Direct Broadcasting Satellite (DBS) systems have become increasingly popular in many parts of the world. DBS systems transmit the programming content to a geo-synchronous satellite, which broadcasts it back to the customers. In such a wireless broadcast environment, the transmitted programming can be received by anyone with an appropriate receiver, such as an antenna or a satellite dish. Thus, in order to restrict access to a transmitted program to authorized customers, the service provider typically encrypts the transmitted programs and provides the customer with a set-top terminal (STT) containing one or more decryption keys which may be utilized to decrypt programs that the customer is entitled to. In this manner, the set-top terminal receives encrypted transmissions and decrypts the programs that the customer is entitled to, but nothing else.

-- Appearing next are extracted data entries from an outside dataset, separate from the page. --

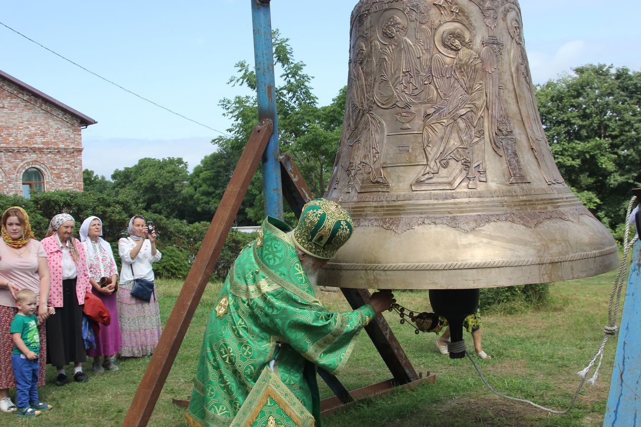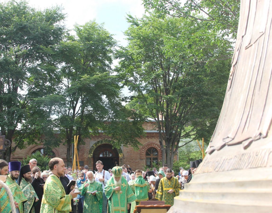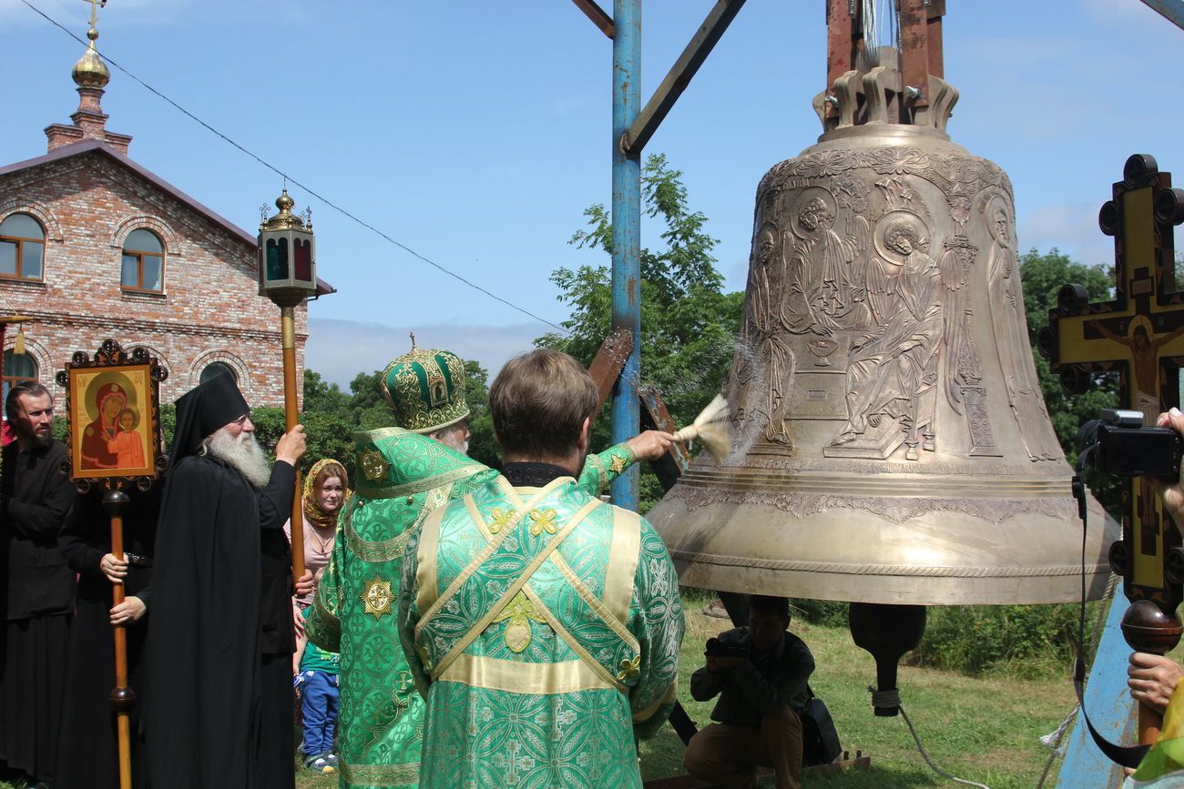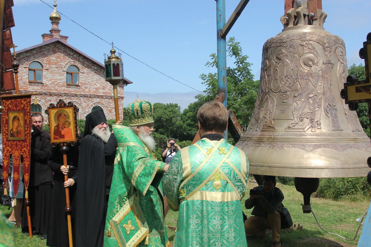 По окончании Божественной литургии митрополит Владивостокский и Приморский Вениамин совершил «Чин благословения кампана» – освящение колокола, главного благовестника для строящейся монастырской колокольни. Далее был совершён крестный ход вокруг монастырского храма святого Серафима Саровского. Обращаясь к паломникам митрополит Вениамин отметил, что этот колокол – самый большой в Приморье, он весит 5 тонн. Колокол заказанный для строящегося Преображенского собора на полтонны меньше. На освящённом колоколе отлиты иконы Святой Троицы, святого преподобного Серафима Саровского, святых Царственных страстотерпцев, и святого благоверного князя Александра Невского.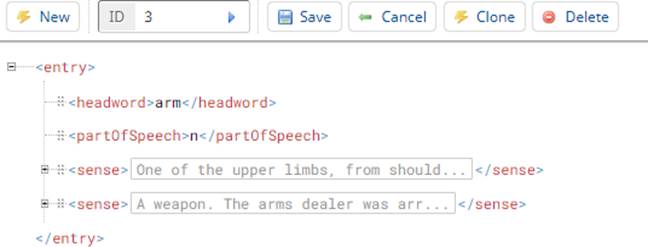 Aunque los programas de edición XML son eficientes y populares, no necesariamente pueden cumplir con todas las necesidades de un proyecto lexicográfico complejo ni fueron diseñados para la labor lexicográfica (Atkins & Rundell, 2008; Abel, 2012). De ahí que los editores puedan cometer errores fácilmente y que, en algunos casos, sea necesario que tengan conocimientos básicos de programación, pues los sistemas no tienen interfaces amigables. Los DWS buscan solventar esta problemática, ya que cuentan con una interfaz de edición sobre la que trabajan los editores sin tener contacto directo con la base de datos. En este caso, el sistema se encarga de que la información que se ingresa en la interfaz de edición quede almacenada y organizada automáticamente en la base de datos.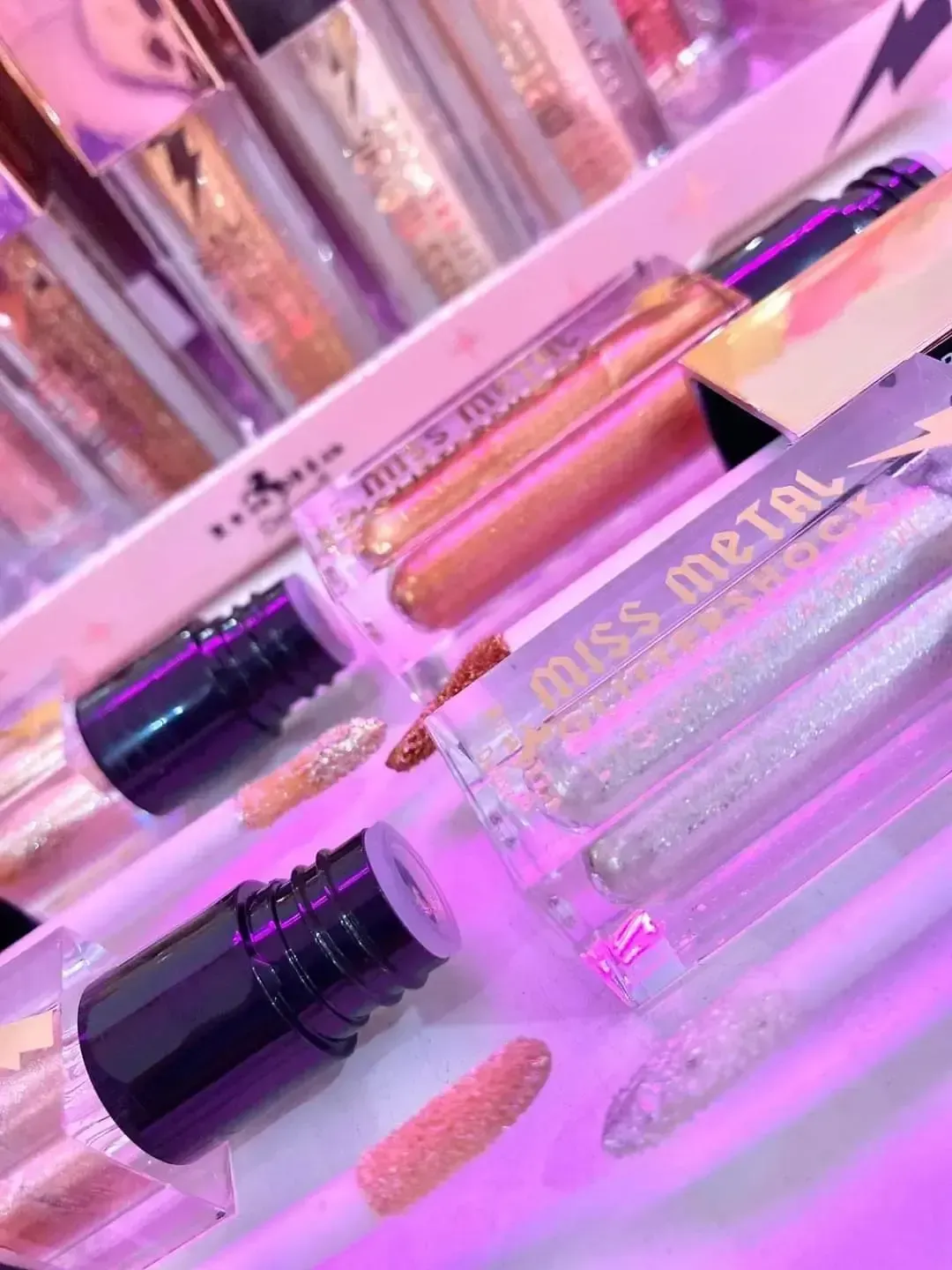 Las sombras de ojos líquidas Miss Metal Glittershock te sorprenderán con su deslumbrante mezcla de purpurina y pigmentos perlados. Cada tono está inmensamente pigmentado, diseñado para mantener el brillo y durar todo el día sin secarse. ¡Mejora tu look y prepárate para brillar!
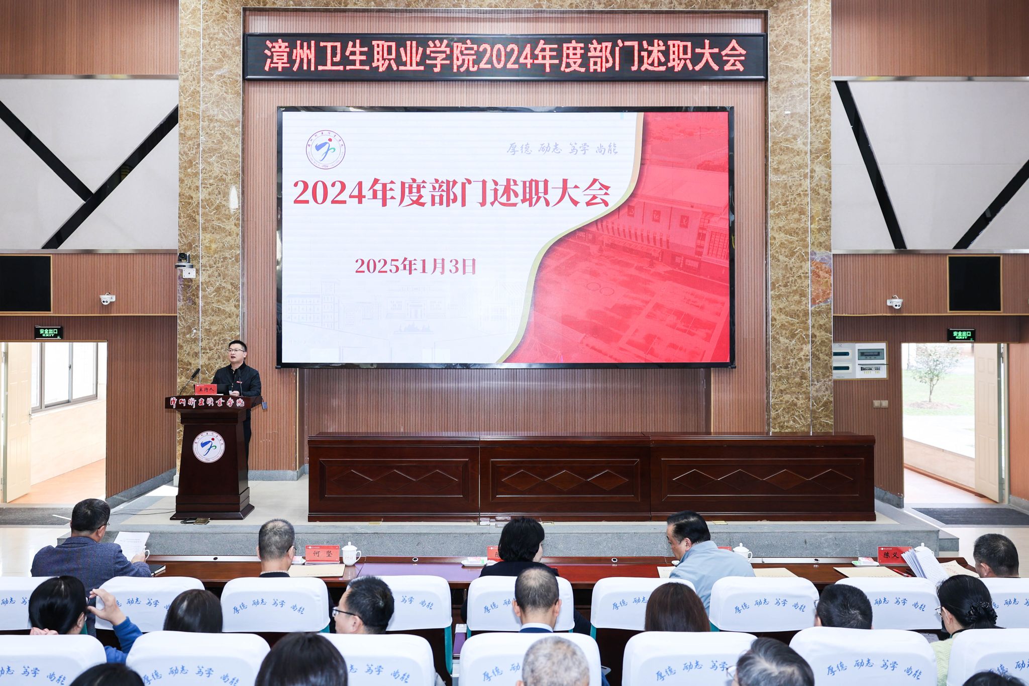为总结2024年学校各部门工作成效,明确2025年工作目标,凝聚合力推动学校内涵式发展,1月3日,我校在学术报告厅举行2024年度部门述职会议。学校全体校领导出席会议,副校长蔡韶滨主持会议。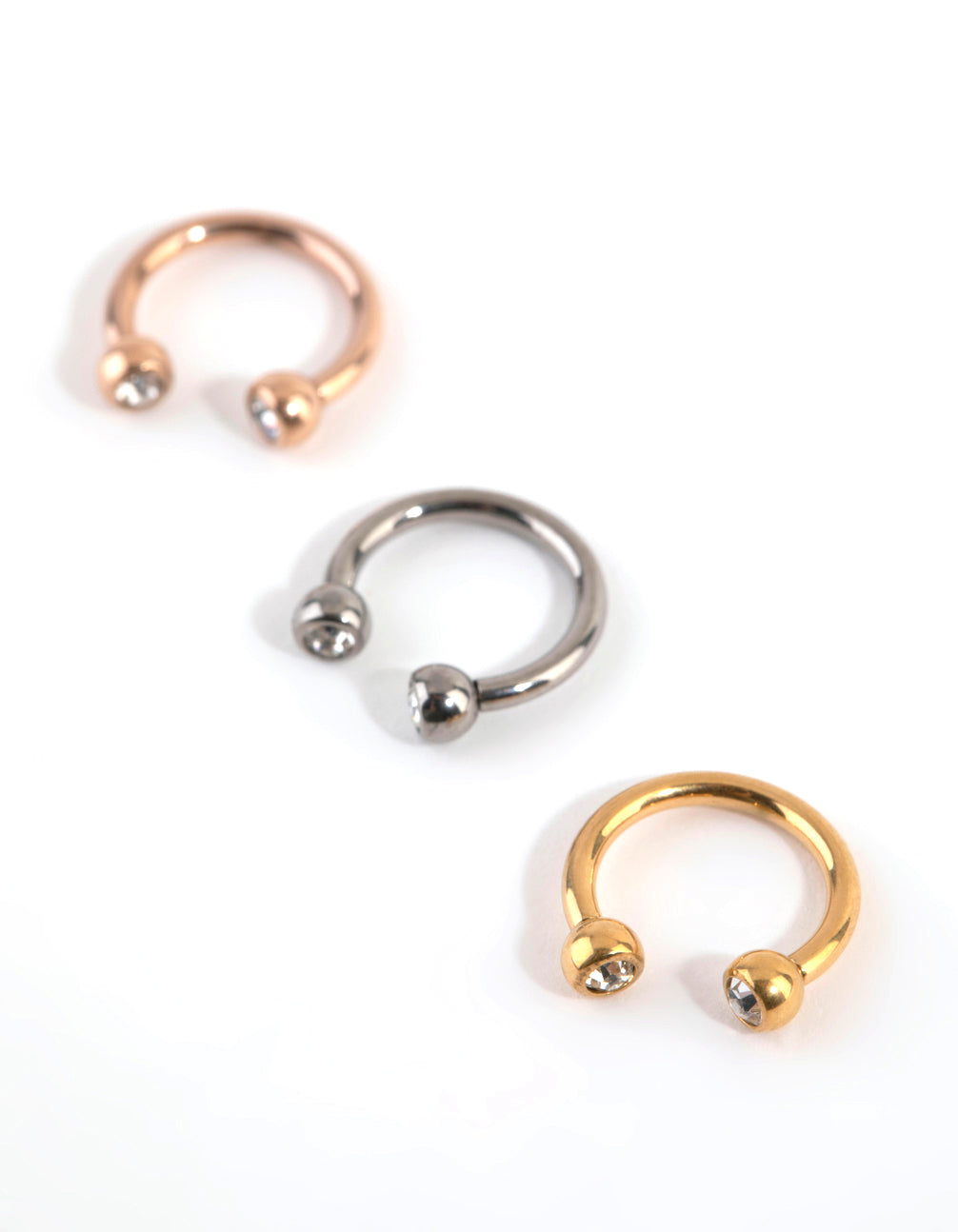 Mixed Metal Titanium Horse Shoe Earring Pack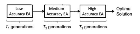 较少适应度评价次数的另一个方法是在进化算法开始时只做几次采样,在进化算法运行过程中经常的在采样。这样做的道理是,在优化过程初期,进化算法的搜索通常比较粗糙。在早期的代中进化算法试图找到最优解的一个大致的邻域;在后期的代中则试图收敛到更准确的解。当进化算法开始收敛,优化过程快结束,我们才需要更精确的适应度函数值。也就是说,只有在准确度较好的情况下准确度才有意义。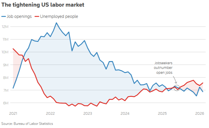 That tension places the consumer squarely at center stage. The labor market is no longer as strong as it was a year ago, even if it has not broken. February non-farm payrolls fell by 92,000 and the unemployment rate held at 4.4%. Job openings dropped to 6.882 million in February, while hiring declined to 4.849 million, the lowest level since the pandemic-era freeze in 2020. This is not a classic recessionary labor market with broad-based layoffs, but it is a softer one, and softer labor conditions reduce the consumer’s margin for error at precisely the time that gasoline and energy costs are moving higher.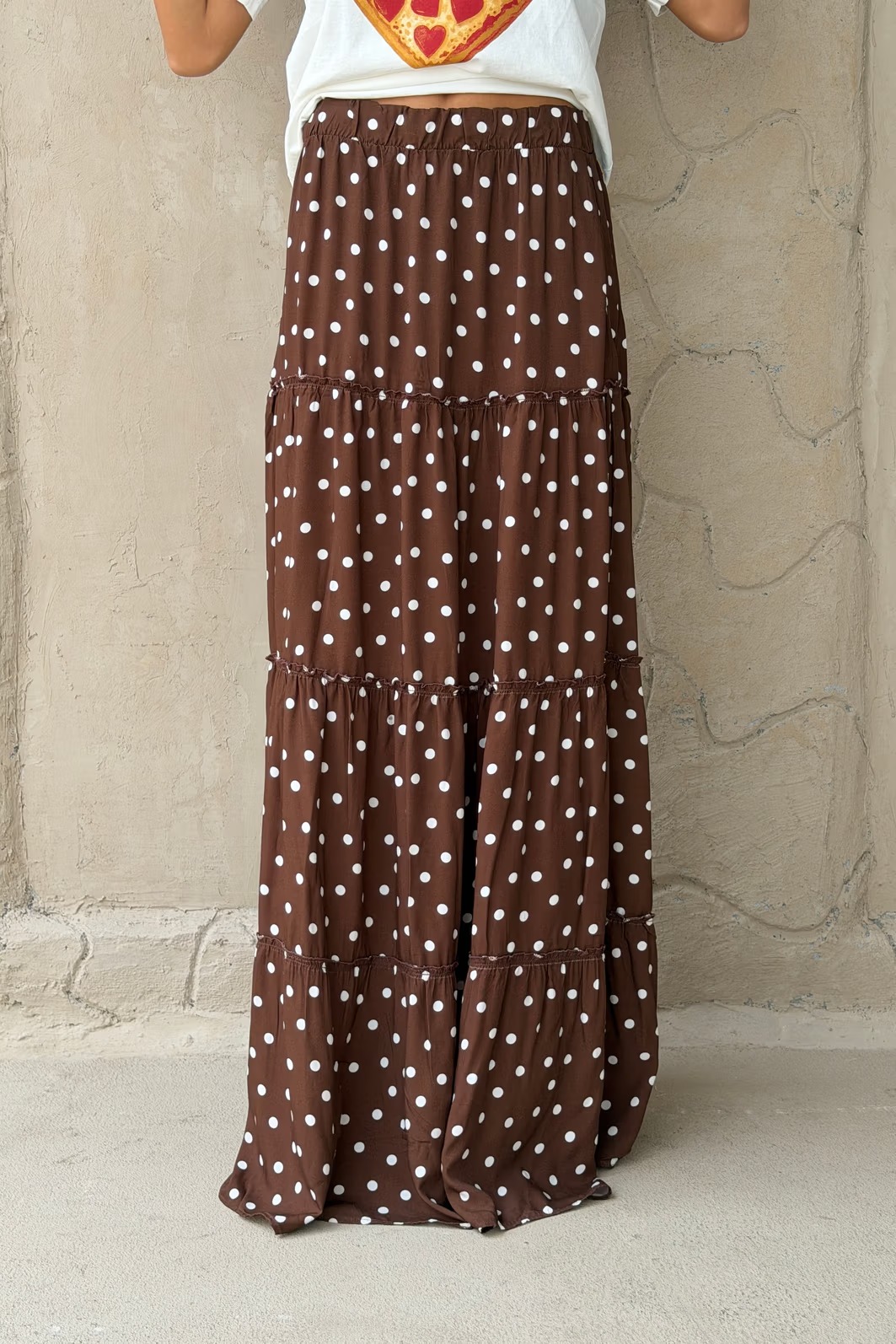 Se você está procurando uma saia longa leve, fluida e com movimento, essa é a peça certa. A Saia Longa Poá Blair da Dolce-me é confeccionada em viscose 100%, com babados franzidos e sobrepostos, o que garante leveza, fluidez e um visual marcante no movimento. O acabamento com limpeza de over e bainha, sem forro, traz um caimento natural e confortável, deixando a peça ainda mais especial.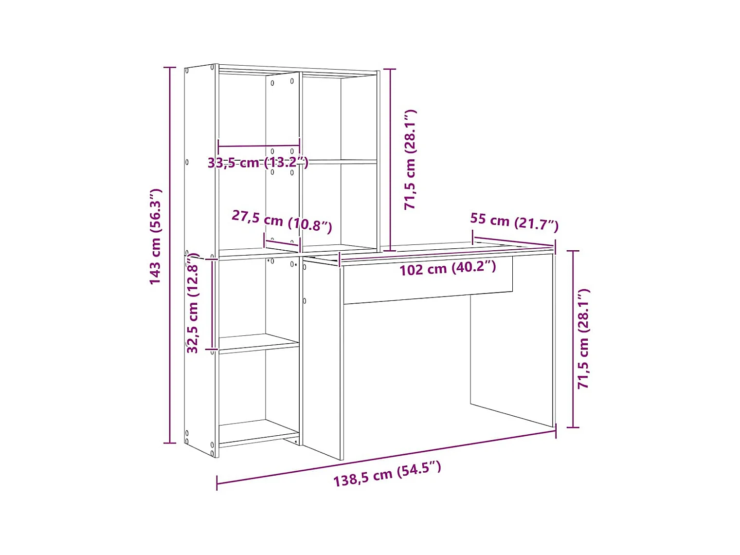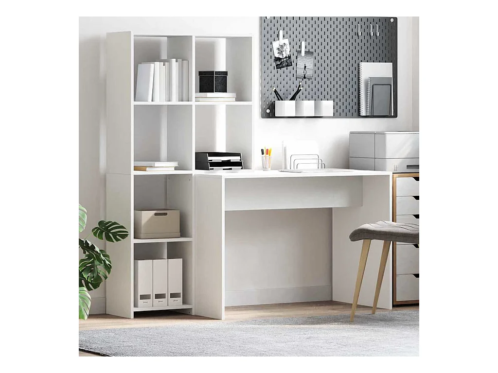 Bureau avec étagère Blanc 138.5 x 55 x 143 cm Bois d'ingénierie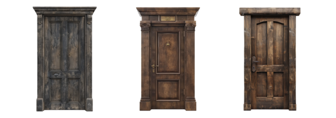 Vintage old door set on transparent background.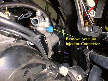 Disconnect your air injector connector. It is hidden behind the coolant line on your cylinder.

Piracy is a major problem for DBS service providers. Therefore, the management of the decryption keys is central to the design of such systems. For a more detailed discussion of key management techniques, see, for example, B. M. Macq and J. J. Quisquater, Cryptology for Digital TV Broadcasting, Proc. of IEEE, 83(6), 944-57 (1995). An important aspect of key management is how the keys for the next billing period are downloaded into the customer's STT. Modem DBS systems typically use a "callback" (or "return path") scheme for this purpose, whereby the STT makes a phone call to the service provider once per billing period, authenticates itself, and downloads the new keys.
In many cases, the service providers would like to monitor the location at which their customers install the STTs, and more importantly, to detect when a customer moves his or her STT to a new location. Under certain circumstances, the movement of the STT may be a form of piracy or otherwise unauthorized. For example, a customer in a first country may not be able to legitimately buy a set-top terminal for a service originating in a second country, even though the satellite's signal is received in the first country, due to various financial, political or copyright restrictions. Nonetheless, a "grey market" may result, in which the STTs are bought in the second country and imported (or smuggled) into the first country. Thus, the service provider would like to detect such activities in order to ensure that STTs that are moved to the first country would not function there.
The movement of STTs may be a form of piracy even without crossing international borders. A service provider would also like to restrict the movement of an STT from a customer's residence to a commercial venue such as a theater or a bar (where a subscription is generally more expensive).
Modern telephone switches provide two features for identifying the calling party, namely, the automatic number identification (ANI) feature, which transfers the calling party's identification to another switch, and the calling number delivery (CND) feature, which transfers the calling party's phone number to the callee. Usually, but not always, the ANI and CND contain the same information. The CND feature is commonly known as the "caller ID" feature.
The "caller ID" feature can be enabled and disabled by the caller by dialing certain codes before the number. In contrast, the ANI feature is automatic and cannot be disabled by the caller. This feature is currently used to locate callers to emergency services (such as "911" in the United States). Since a caller's ANI is readily available for calls to toll-free numbers in the United States, many service providers currently use the ANI to obtain the location of the caller. In the following discussion, the popular name "caller-ID" will apply to either ANI or CND. The service provider maintains a database of the phone number(s) of each customer. In this manner, whenever the customer calls the service provider, the service provider can verify that the call is coming from the customer's designated phone number.
The caller ID feature has been utilized to detect STT movement in DBS systems by implementing a caller ID verification of the callback. It is again noted that the STT needs to make a phone call to the service provider at least once every billing period in order to download decryption keys and upload usage information. During this callback, the STT and the service provider run a cryptographic protocol to authenticate both parties, guarantee the integrity of the data, and prohibit eavesdropping. As part of the authentication, the service provider can match the phone number obtained from the caller ID against the number on record for this particular customer's STT, in order to verify that the STT has not moved.
The caller ID feature is an indirect method of detecting the location of the STT, since the caller ID implicitly identifies a phone number with a geographic location. Therefore, the accuracy of the caller ID scheme really depends on the inflexibility of the local telephone company. However, it has been found that obtaining a location by caller ID is not very reliable. For example, a long-range cordless telephone allows the STT to initiate the call up to half a mile away from the phone's base station, which is connected to the phone line at the legitimate location.
In addition, the STT could be moved without the service provider's knowledge by relocating the phone line to a new address without changing the number (so called "number portability"). Currently, local telephone companies could do this as long as the new address is served by the same telephone exchange. More sophisticated attacks can be used to move the equipment even further. For example, if the STT is connected to a private branch exchange (PBX) switch connected to the telephone network, the PBX is responsible for generating the ANI and CND, which are passed to the callee. A pirate can purchase a PC-based PBX, and instruct the PBX to generate legitimate ANI and CND identifiers, although the STT is actually connected to a different telephone line.
As apparent from the above-described deficiencies with conventional techniques for determining the location of a set-top terminal, a need exists for a method and apparatus for determining the location of a set-top terminal where the cost of breaking the system is higher than the benefit.